The crucial vote Saturday, for key posts in 14 of 18 provinces, is likely to test support for the US-backed leadership.

BAGHDAD, Iraq — Polls have closed in Iraq. With security tight, millions of Iraqis cast their ballots for candidates in 14 of 18 provinces. The elections proceeded without violence, with the exception of a few incidents, according to Al Jazeera. 

"This is a victory for all the Iraqis," Iraqi Prime Minister Nouri al-Maliki said after casting his vote, according to the BBC. 

As Iraqis voted, the top United Nations envoy to Iraq warned of difficulties ahead, writing that, "conditions remain far from 'normal.'" Staffan de Mistura, the secretary-general's special representative for Iraq, wrote in an opinion piece in the Washington Post that, “while life here is getting better, the security situation impedes the Iraqi people's efforts to escape the morass they have been in for many years, and it limits what we can all do to help."

Results likely won't be available for several days. 

The elections — for new provincial governments — are seen as milestone with the potential to reshape the nation just a month after a new security agreement marked the beginning of a reduced American presence here.

Unlike the last major election in 2005, Sunni Arabs participated in these elections, potentially recasting the balance of power. This year, the most friction remains between the semi-autonomous Kurdish region in the north and Sunni and Shiite Arabs.

The vote is likely to influence parliamentary elections later this year, potentially challenging incumbents such as al-Maliki, and will place renewed emphasis on restoring Iraq's central services as voters look to newly elected officials to address their needs.

"There is no real (demographic) balance in the central government, and these provincial elections can restore some balance at the provincial level of government," said Abdul Jabbar Ahmad, a professor of political science at Baghdad University. "Now the question is can this local election prevent corruption and restore services."

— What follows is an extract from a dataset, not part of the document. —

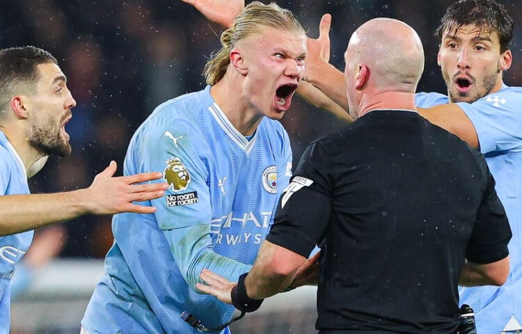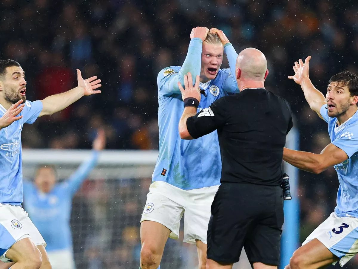 Der Norweger war außer sich, nachdem Hooper zunächst richtigerweise auf Vorteil entschied und dann doch noch eine hundertprozentige City-Chance abpfiff.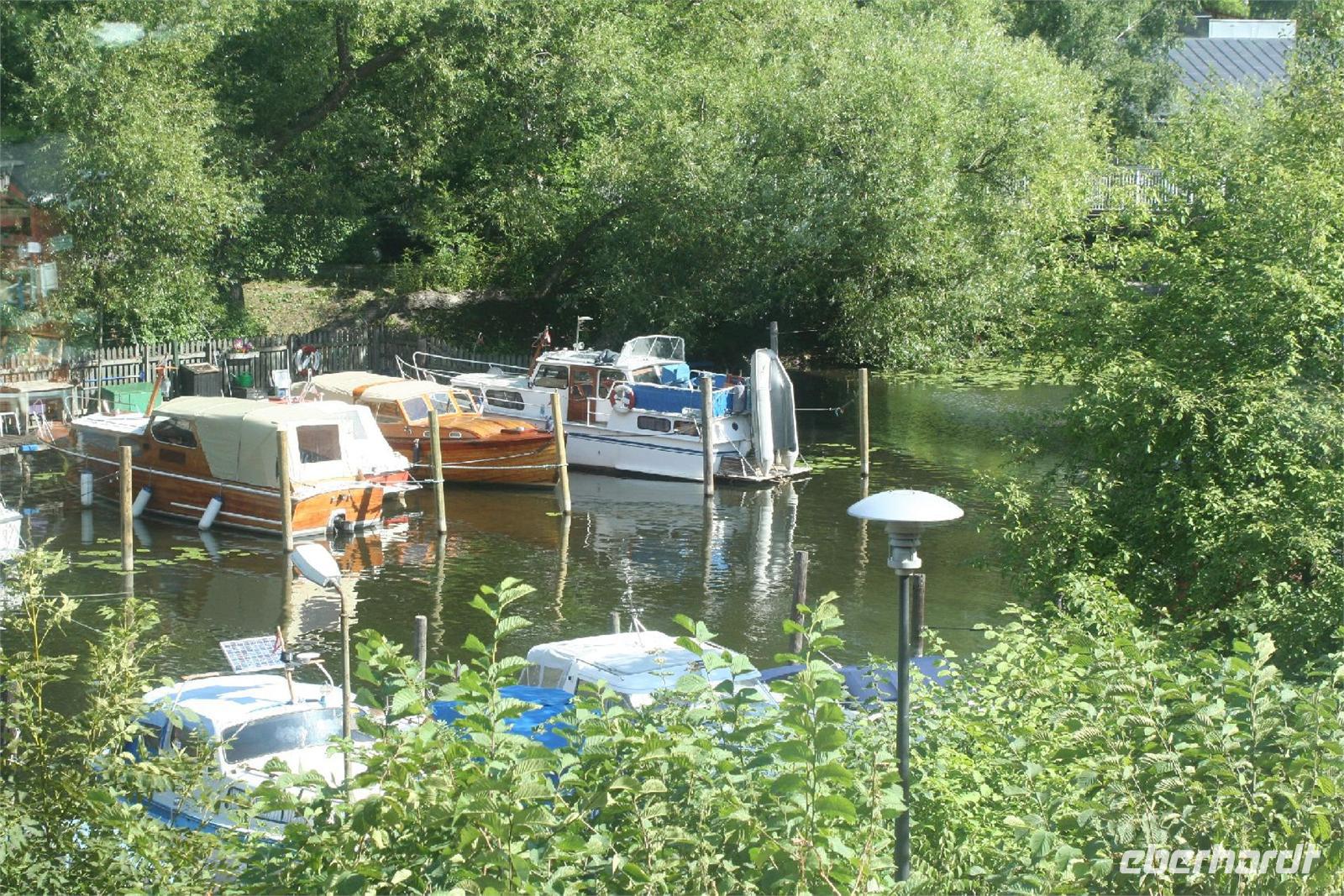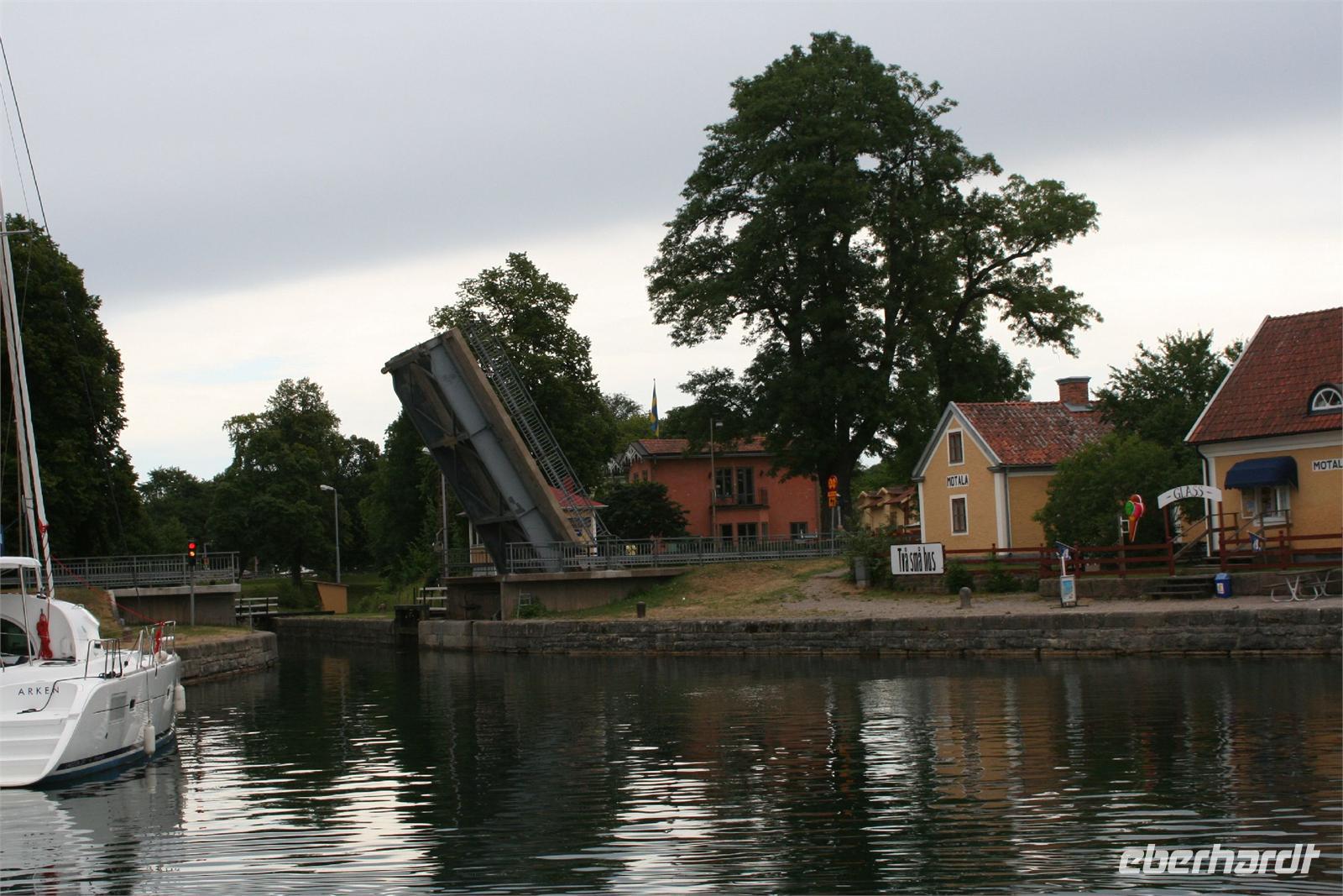 Der Himmel war grau und es war deutlich kühler, aber es regnete nicht. In Motala bestiegen wir unser Schiff "M/S Kung Sverker" und die beschauliche Fahrt durch einen Teil des 190 km langen Göta-Kanals konnte beginnen. Claudia nahm beim Kapitän Platz und erklärte über Lautsprecher die Route und Sehenswürdigkeiten. Unsere Fahrt mit 11 Knoten führte uns von Motala nach Borensberg.

In the 14 of Iraq's 18 provinces participating in the elections, there are 440 seats up for grabs, including everything from governor slots to provincial administrators. As Iraqis try to strike the balance between central and provincial power, many of these officials will hold substantial sway.

Iraqis will have no shortage of choices when they head to the polls, as there are nearly 14,500 candidates from approximately 400 parties competing for the open seats.

While the Sunnis are participating after their 2005 boycott, the Kurdish question still looms large, and it threatened to delay elections this past fall. A dispute arose over who controlled oil-rich Kirkuk, with both the central government and the semi-autonomous Kurdish region laying claim to it. An agreement was reached and now the three Kurdish provinces and Kirkuk will hold elections on an unspecified future date.

The northern Diyala Province, which is predominately Kurdish but has all three of Iraq's major ethnic groups represented, initially rejected the presence of the Iraqi Army at its 24 polling sites on election day. The Kurds had argued that the Iraqi Army could potentially pressure voters or tamper with election results, and instead wanted their own Peshmerga forces to secure voting sites. After a 40-hour stand-off, it was decided that a joint Iraqi Army-Peshmerga force would secure the ballot boxes, with the help of U.S. forces.

Outside the Kurdish region, in Diyala and elsewhere, the U.S. forces are expected to take on a far smaller role than they did in the 2005 elections. Thanks in large part to a dramatically improved and much larger Iraqi military and police force, U.S. troops have acted mostly in an advisory capacity during the build up to the elections, and on Saturday they will stay on the outskirts of polling areas and intervene only in the event of a major attack.

"In 2005, the elections happened safely in my sector, but we couldn't have controlled it if there'd been a major incident because we didn't have enough battalions here. Now we can control the town," said Mohamed Qadouri Abdullah, an army police captain who worked in the same area of Baquba during the last elections with only eight police battalions. He now has 12.

Aside from playing a far-smaller role, U.S. soldiers who were stationed in Iraq during the last elections said they'd noticed that locals seemed more concerned about the issues at stake, namely the return of central services, than they did about security.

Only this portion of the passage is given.